■ Dataset extract ■

BEGIN

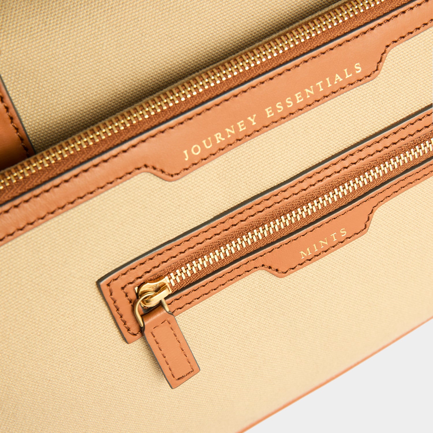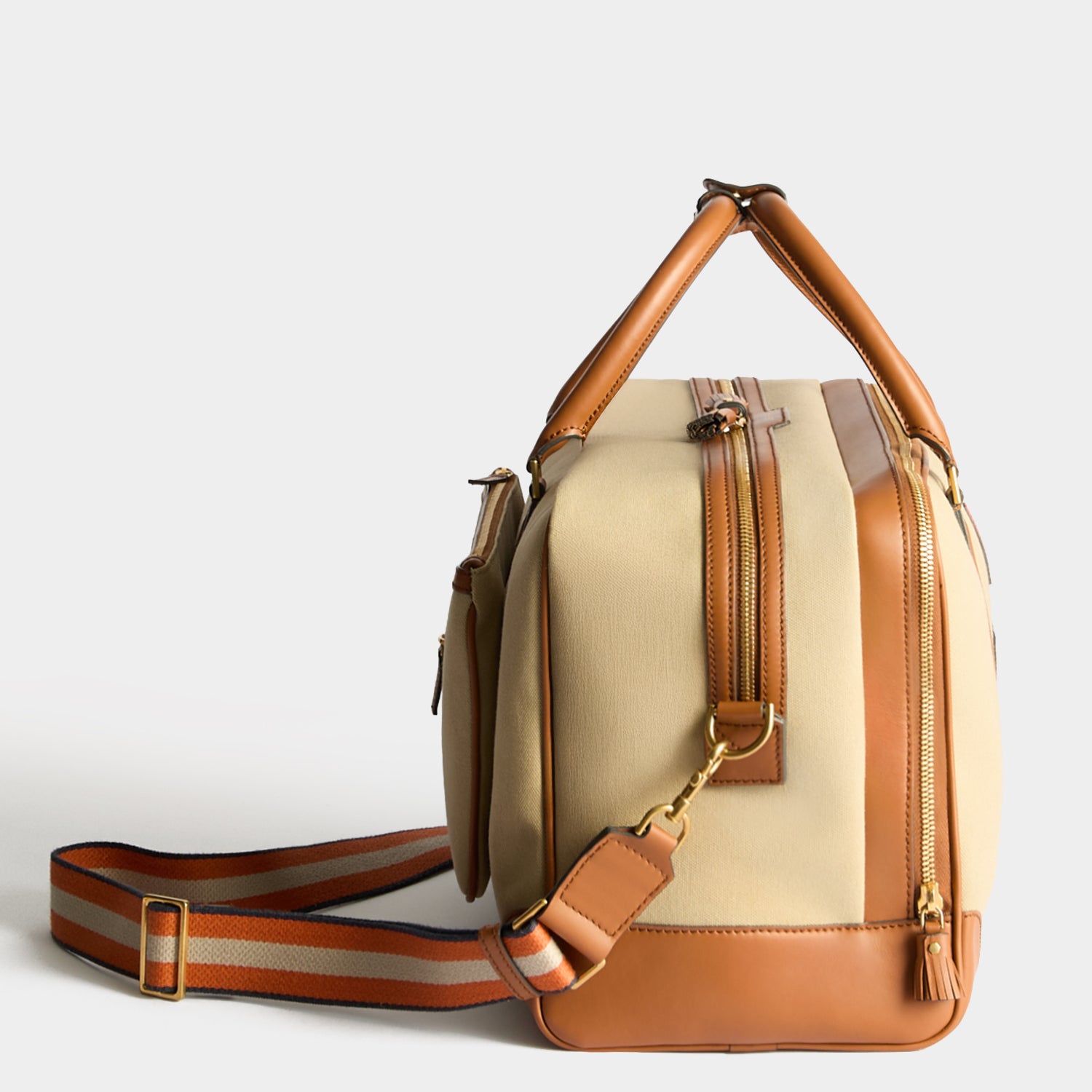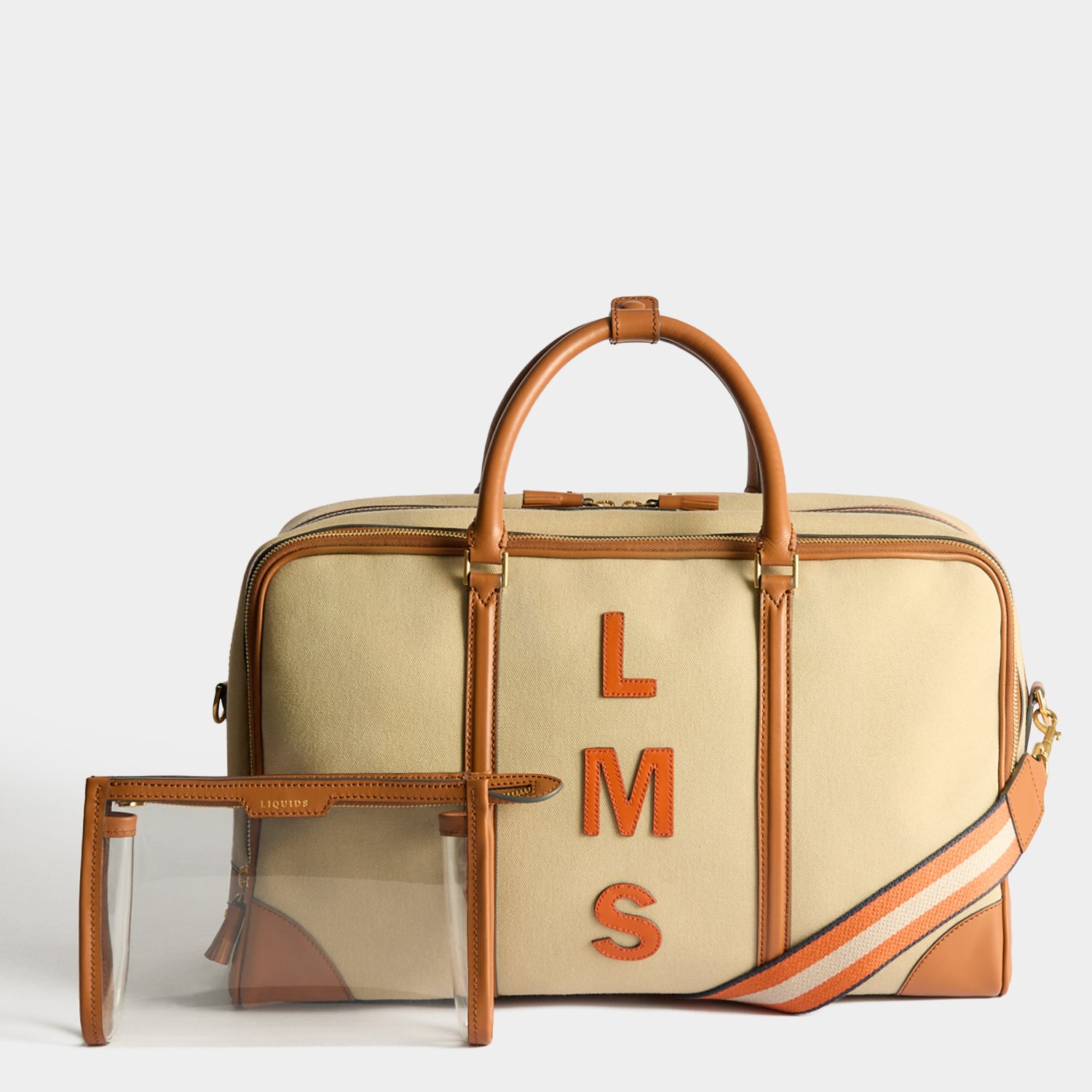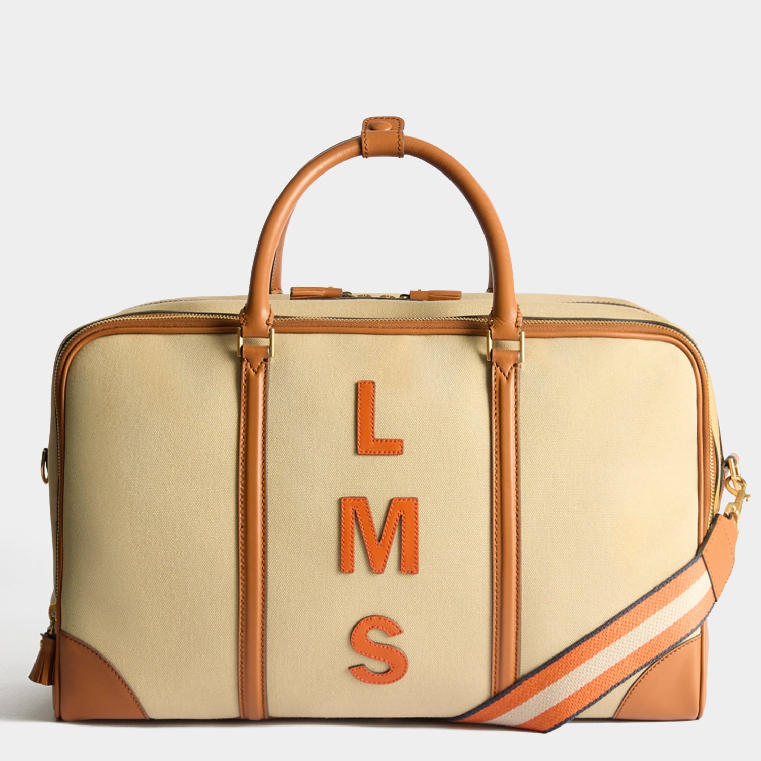External Features: Emboss initials, convenient sleeve, journey essentials pocket, double-tassel zip, top handles, long adjustable strap
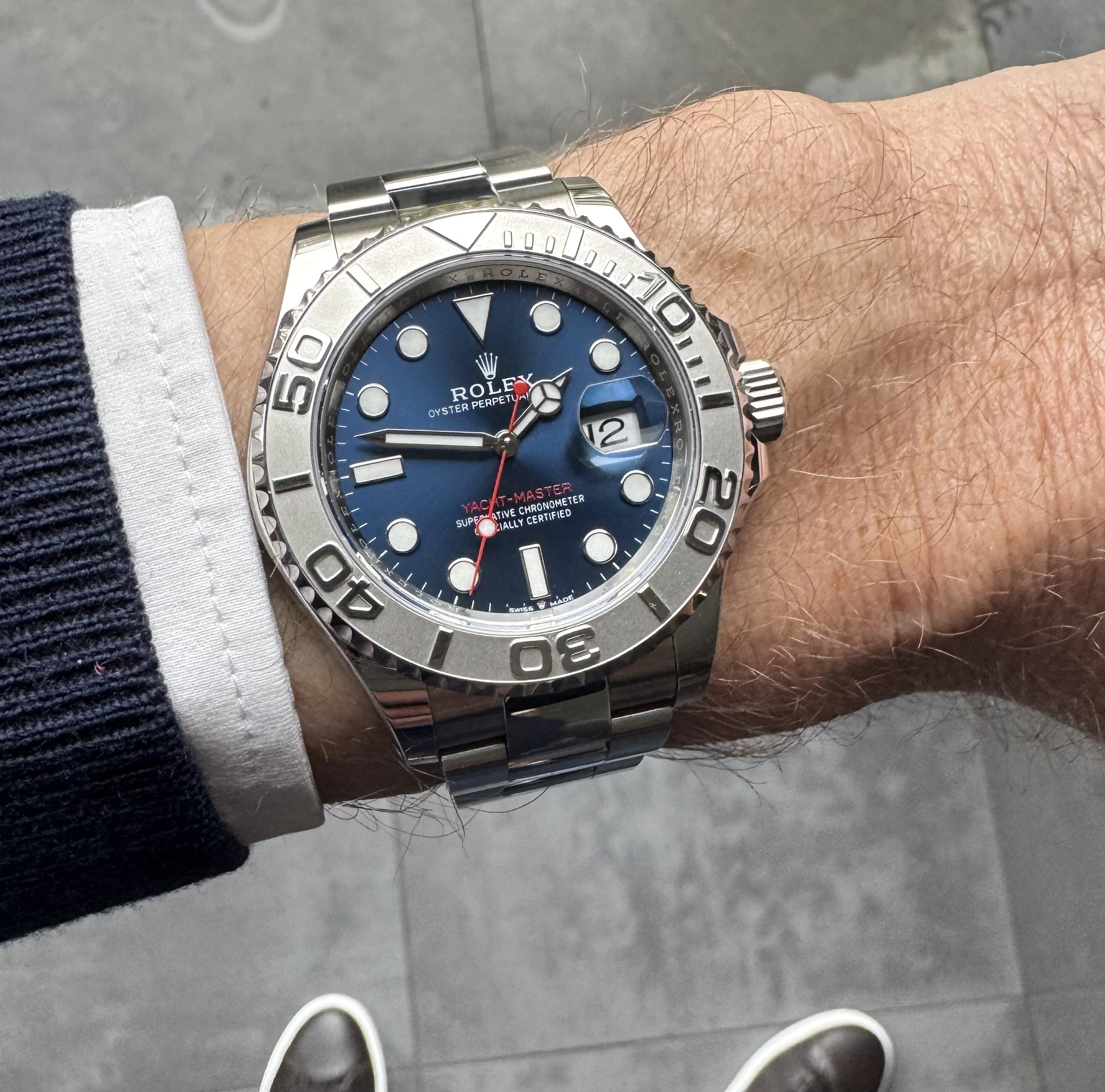 Bij mij is de Yachtmaster ook de laatste aanwinst, hier op de foto met de 2 enige aanwinsten uit 2025. Waarvan de Doppelchronograph eventueel nog weg mag, maar als ‘ie blijft is het ook prima.
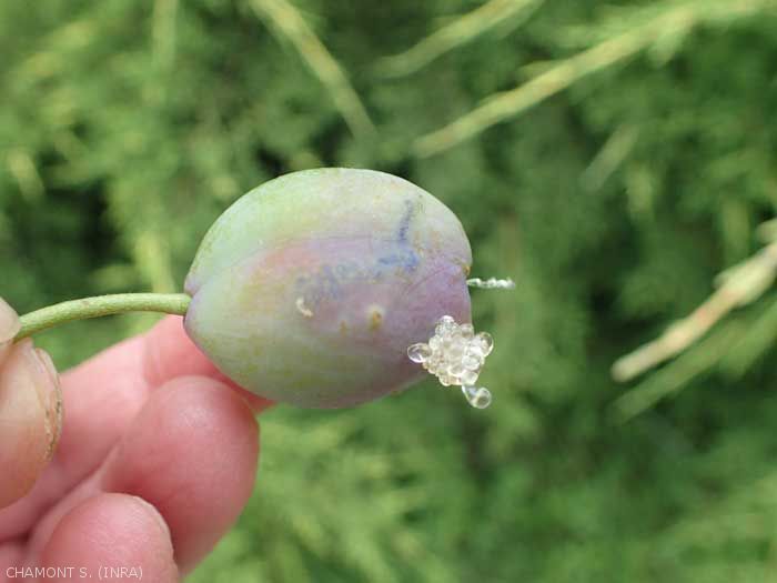 Le carpocapse des prunes (Grapholita funebrana) est le ravageur majeur qui atteint les fruits (figure).

END

■ Your instructions ■
Write out the whole listing above exactly; do not include the pictures.

■ Exercise answer ■
External Features: Emboss initials, convenient sleeve, journey essentials pocket, double-tassel zip, top handles, long adjustable strap
 Bij mij is de Yachtmaster ook de laatste aanwinst, hier op de foto met de 2 enige aanwinsten uit 2025. Waarvan de Doppelchronograph eventueel nog weg mag, maar als ‘ie blijft is het ook prima.
 Le carpocapse des prunes (Grapholita funebrana) est le ravageur majeur qui atteint les fruits (figure).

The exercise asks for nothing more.